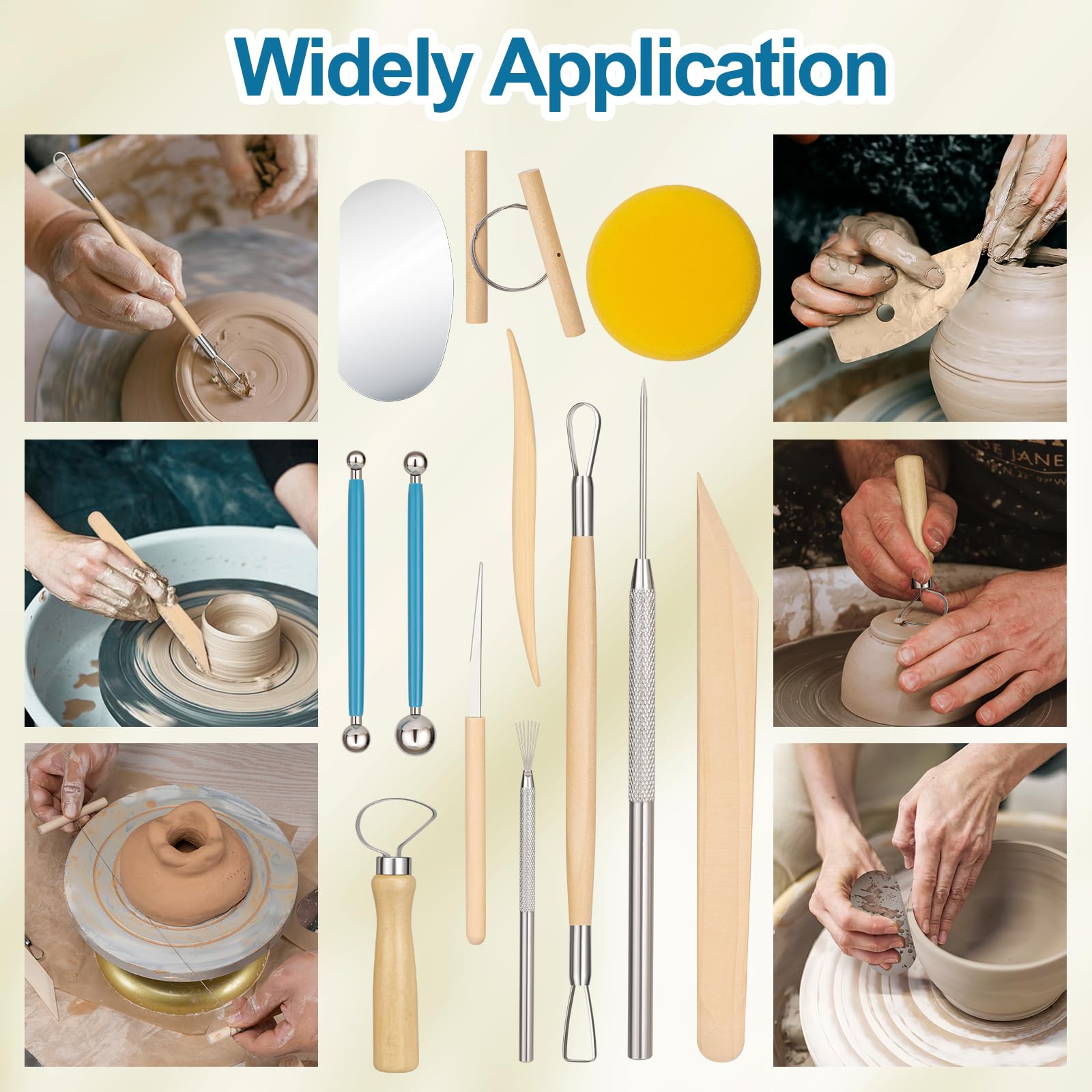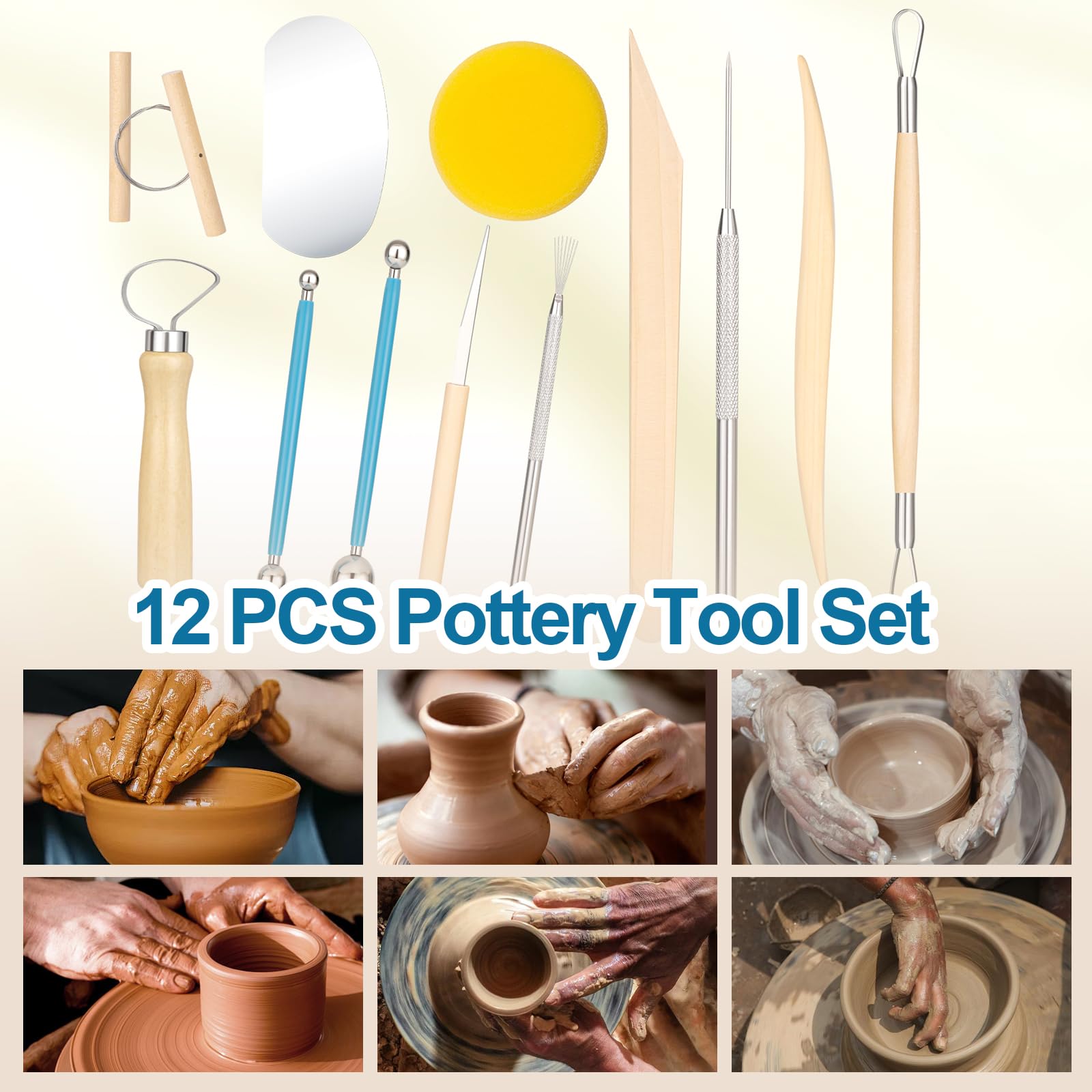 12 PCS CLAY TOOLS: Includes 12 pottery clay tools, contains most of your clay working needs, such as sponge, metal rib, wooden clay tools, metal needle tool, etc. Easy to use for smoothing, shaping, cleaning and more other processes
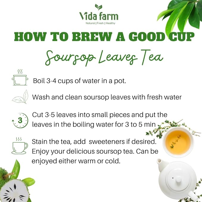 - 100% HIGH QUALITY NATURAL NON-GMO SOURSOP LEAVES TEA: Our soursop leaves come from the large farm which meets the highest standard in cultivating. The best graviola soursop leaves are hand-picked by local farmers at the optimal time, ensure to select premium leaves to make great soursop guanabana tea
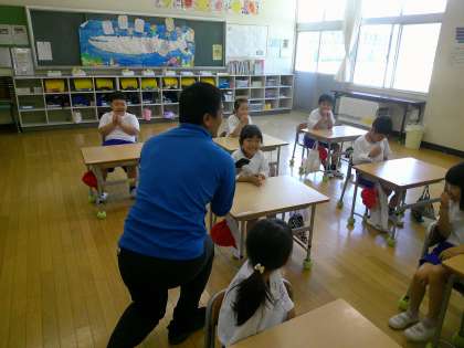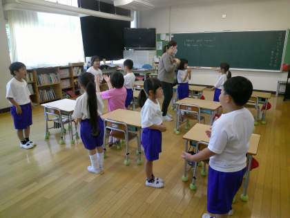 「What’s your name?」「My name is 〇〇」の練習をしました。最初はペアで練習、その後は音楽に合わせて、先生がマイクを向けた人が答えるゲームをしました。マイクを向けられると、恥ずかしそうに自分の名前を答える1年生でした。

Aim of the exercise:
From the first line to the last, transcribe the listing exactly; skip the pictures.

Task response:
 12 PCS CLAY TOOLS: Includes 12 pottery clay tools, contains most of your clay working needs, such as sponge, metal rib, wooden clay tools, metal needle tool, etc. Easy to use for smoothing, shaping, cleaning and more other processes
 - 100% HIGH QUALITY NATURAL NON-GMO SOURSOP LEAVES TEA: Our soursop leaves come from the large farm which meets the highest standard in cultivating. The best graviola soursop leaves are hand-picked by local farmers at the optimal time, ensure to select premium leaves to make great soursop guanabana tea
 「What’s your name?」「My name is 〇〇」の練習をしました。最初はペアで練習、その後は音楽に合わせて、先生がマイクを向けた人が答えるゲームをしました。マイクを向けられると、恥ずかしそうに自分の名前を答える1年生でした。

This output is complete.